Over 60,000 people are under the scanner of tax authorities under the second phase of Operation Clean Money, which was launched to detect black money hoarders after the demonetisation of high-value currency notes last year.
“More than 60,000 persons, including 1,300 high-risk persons, have been identified for investigation into claims of excessive cash sales during the demonetisation period,” said the Finance Ministry on Friday.
High-risk categories that are being probed by the tax department include businesses claiming cash sales as the source of cash deposits that are disproportionately larger than their past profile or industry norms.
Deposits under watch Also under investigation are large cash deposits made by government or public sector undertaking employees; persons who have undertaken high-value purchases; persons who have used shell entities for layering of funds; and where no responses were received to enquiries made in the first round.
“The identification has been done through use of advanced data analytics, including integration of data sources, relationship clustering and fund tracking,” it said.

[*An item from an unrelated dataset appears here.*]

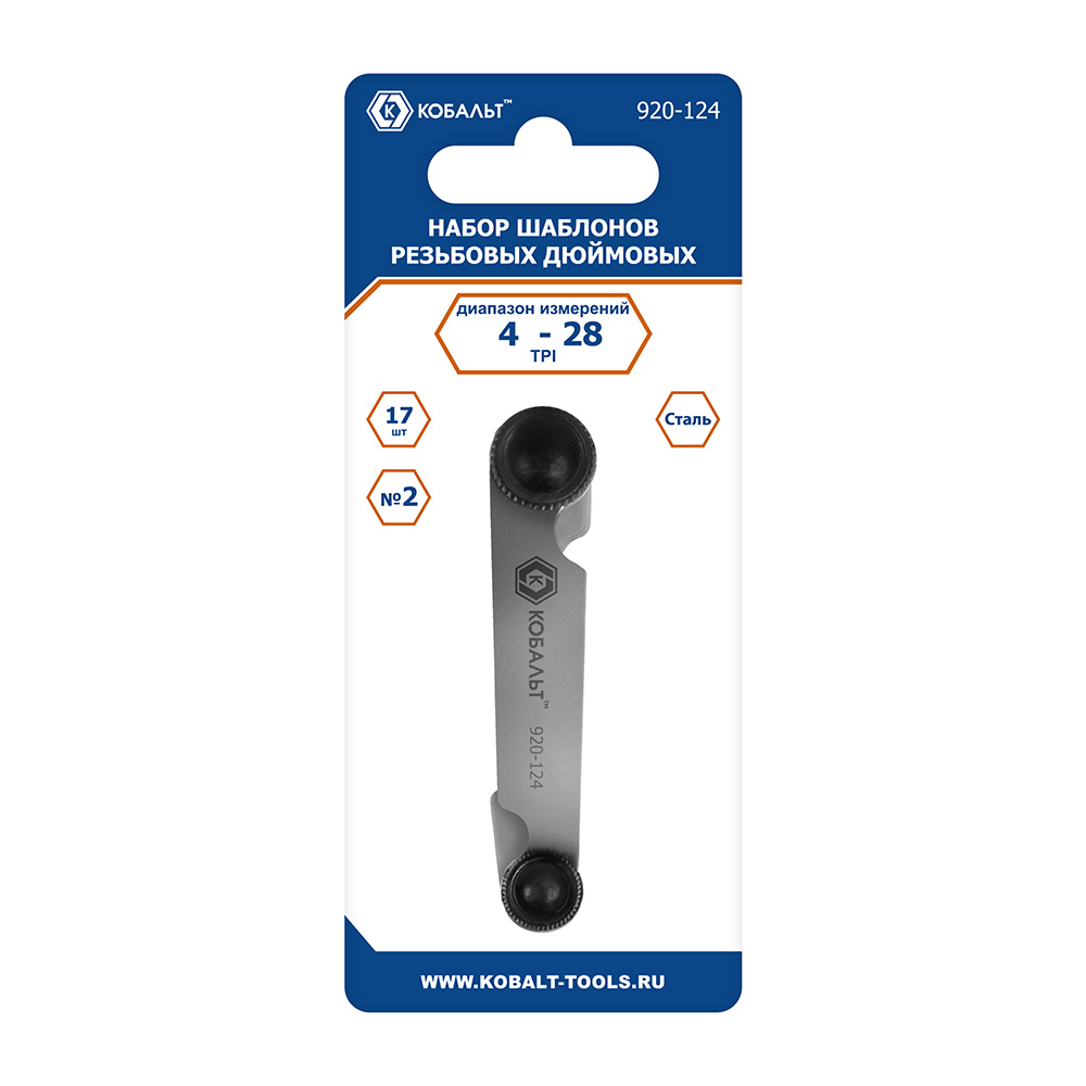 Набор шаблонов резьбовых КОБАЛЬТ дюймовых, диапазон измерений шага резьбы 4TPI - 28TPI, 17 шт., блистер (920-124) - цена, фото, технические характеристики

Additionally, over 6,000 transactions of high-value property purchase and 6,600 cases of outward remittances will be investigated under the operation. The Income-Tax Department will also investigate all cases where it did not receive any response to its initial enquiries.
The Income-Tax Department had launched Operation Clean Money on January 31 and had sent e-verification queries to 17.92 lakh people who made cash transactions during the demonetisation period in November and December last year, which did not match their tax profile.
According to the Finance Ministry, 9.46 lakh people responded to the queries on pre-defined parameters of sources of the cash deposits. Online queries were raised in 35,000 cases and on-line verification was completed in more than 7,800 cases.
“It has been decided to close the verification in cases where the explanation of the source of cash was found to be justified,” it said.
The Ministry said that the complete exercise of examining all the doubtful and non-tax compliant accounts may take more than one year.